Linux computer shop closing - lucb1e
https://plus.google.com/100221912051999668442/posts/4aceUXuWYaX
======
lucb1e
Last time I submitted a Google+ link I received some feedback from people who
couldn't read it. For those, here is a copy:

\---

<http://www.hettes.nl/hettes-stopt> [Dutch]

This is sad. Translation:

 __Hettes is closing __

 _We have to announce that we, the team of Hettes, can no longer deliver
laptops with Ubuntu Linux or another Linux distribution. This is not because
we want to or because of time or resources, but it's because we can't buy
computers (anymore) without operating system._

 _We started our webshop a few years ago with a lot of ambition and fun,
continued developing it, and helped lots of customers with satisfaction.

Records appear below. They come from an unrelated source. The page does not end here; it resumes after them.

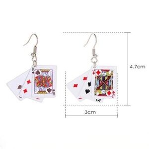 Playing Cards • Poker • Blackjack • Las Vegas • Getaway • Casino • Gambling • Costume Jewelry • Dangle • Drop • Novelty • Whimsical • Spades • Hearts • Diamonds • Clubs • Stocking Stuffer • Holiday Gift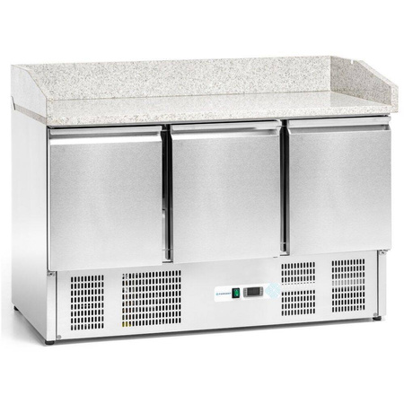 Masa frigorifică cu 3 uși pentru pizza 400 l FORGAST FG07303 este un echipament frigorific profesional destinat pregătirii și depozitării ingredientelor pentru pizza în condiții gastronomice. Se remarcă printr-un blat de lucru mare din granit și o construcție solidă din oțel inoxidabil. Este ideală pentru pizzerii, restaurante și unități gastronomice unde contează confortul muncii și standardul ridicat de igienă.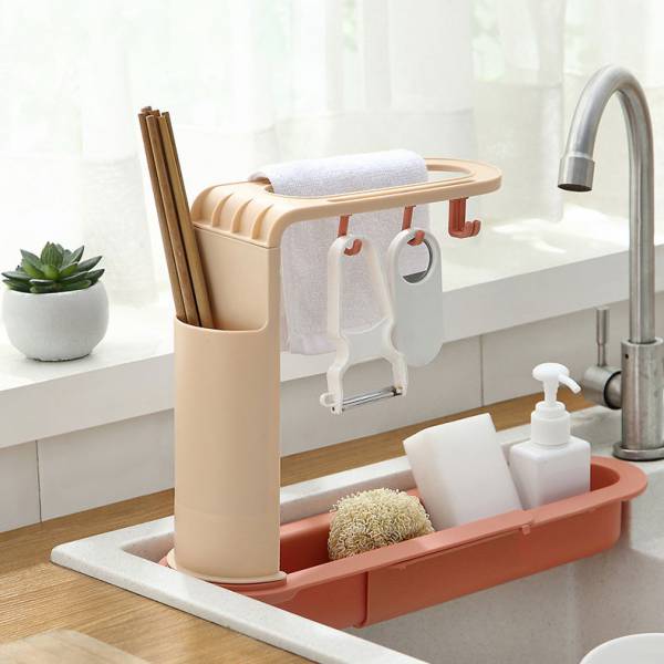 Kitchen Sink Storage Rack ที่เก็บอุปกรณ์ล้างจานอเนกประสงค์ ให้การล้างจานทำงานบริเวณอ้างล่างจานเป็นเรื่องสะดวกสบายด้วย Kitchen Sink Storage Rack ที่เก็บอุปกรณ์ล้างจานอเนกประสงค์ ออกแบบมาให้มีฟังก์ชั่นหลากหลาย ทั้งรางวางฟองน้ำและอุปกรณ์อื่นๆ ราวแขวนผ้าเช็ดมือ ช่องใส่ช้อนส้อม เป็นต้น ช่องระบายน้ำตามราง หมดกังวลเรื่องน้ำขัง อีกทั้งตัวรางสามารถปรับความยาวให้พอดีกับขอบอ่างล้างจานได้ อ่างเล็กอ่างใหญ่ก็ไม่ต้องกังวลเลยค่า มีมาให้เลือกกันถึง 4 สีสดใสสุดๆไปเลยค่าาา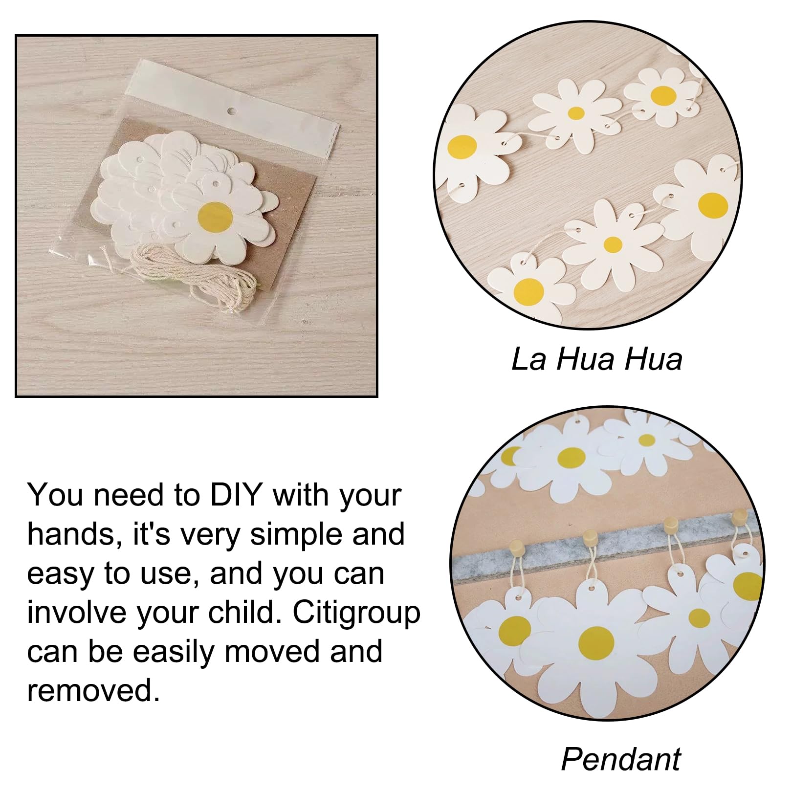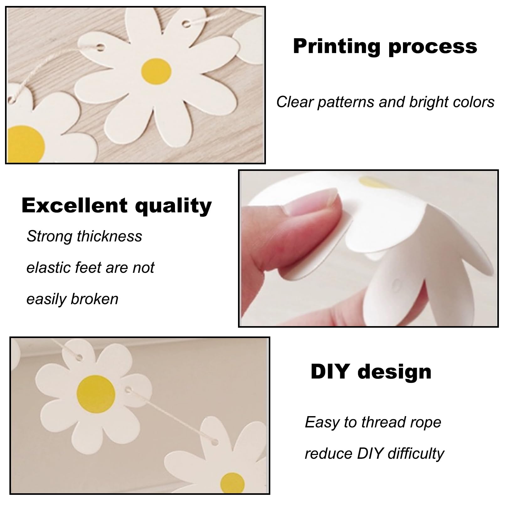 Frühlingshafte Stimmung garantiert! Diese 3 Meter lange Blumen-Girlande mit süßen Gänseblümchen verwandelt jeden Raum in eine blühende Oase. Doppelseitig bedruckt auf stabilem Karton - von beiden Seiten ein perfektes Bild! Die kräftigen Farben verblassen nicht, egal ob drinnen oder draußen verwendet. Perfekt für Geburtstagsfeiern, Hochzeiten, Babyfeste, Gartenpartys oder einfach zur Frühlingsdekoration im Kinderzimmer. Mit praktischem Aufhängesystem super einfach zu montieren - keine komplizierte Bastelei nötig! Einfach aufhängen und sofort ist die Party-Stimmung da. Ob an der Wand, am Fenster, an der Gartentür oder als hübscher Fotohintergrund - diese Girlande macht überall eine gute Figur. Die bunte Farbvielfalt begeistert Groß und Klein. Dekoration vom Feinsten, die wirklich jeder Feier das gewisse Etwas verleiht!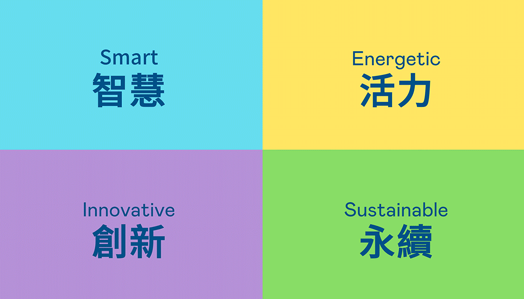 从稳重、信赖的尊龙时凯蓝开创新色彩,注入象征智慧蓝、活力黄、创新紫、永续绿的品牌色及动态多变的几何图形,呼应不设限的「Possibilities」精神,代表多元的专业技术及领域,在碰撞中相互触动、融合、延伸,持续激荡出更多新的可能性。

Since
the beginning of our passion and ambition for the webshop with laptops and
desktops with pre-installed Ubuntu Linux we've had problems with buying
systems without operating system, or simply said without Windows._

 _We have tried to continue our work in different ways and we have had small
successes. However with Windows 8 all doors are being closed permanently and
we see no way to open these._

 _The worst of the story is that the community, you, as user of Ubuntu or
another distribution were very happy with the different parties that
deliver/delivered laptops and desktops with Linux and we always received
positive and nice feedback from you._

 _We'd like to continue our activities and serve users and consumers with your
request for laptop and desktops, but we are not given the chance to do this.
Because of this reason we decided to stop our internet activities._

 _This does not apply to existing customers of Hettes, we as team have decided
to continue technical support and warranties for you because, as we said,
we're not closing because we want to, but because we are being held back by
the large computer manufacturers._

------
gambiting
I am sorry,but to me this entire article and comments below it are just a
massive pile of whine.

Large companies like Dell get Windows at such discounted prices that the
difference between a machine with or without OS would be 10-15 dollars. It's
not like having windows installed on a laptop is increasing its cost by $100.
And why does a company mentioned in this article have a problem with Windows
already pre-installed? Installation of Linux on such a machine is exactly the
same as if there was no OS on it in the first place. Heck, they could even
leave Windows and install Linux as a second OS,but make it boot by default -
and then have it as an extra selling point - Linux computers,but with Windows
as an option. Windows 8 is not sealing anything yet. And EFI problems are easy
to overcome if you want to - and if your business depends on it, I believe
that it would be in your best interest to want to?? To sum it all up - I
believe that this entire story is made up and no shop even existed in the
first place. If they could sell linux computers 3 or 5 years ago they could
still do it today, and it seems like the entire article is constructed to just
blame MS for problems that don't exist.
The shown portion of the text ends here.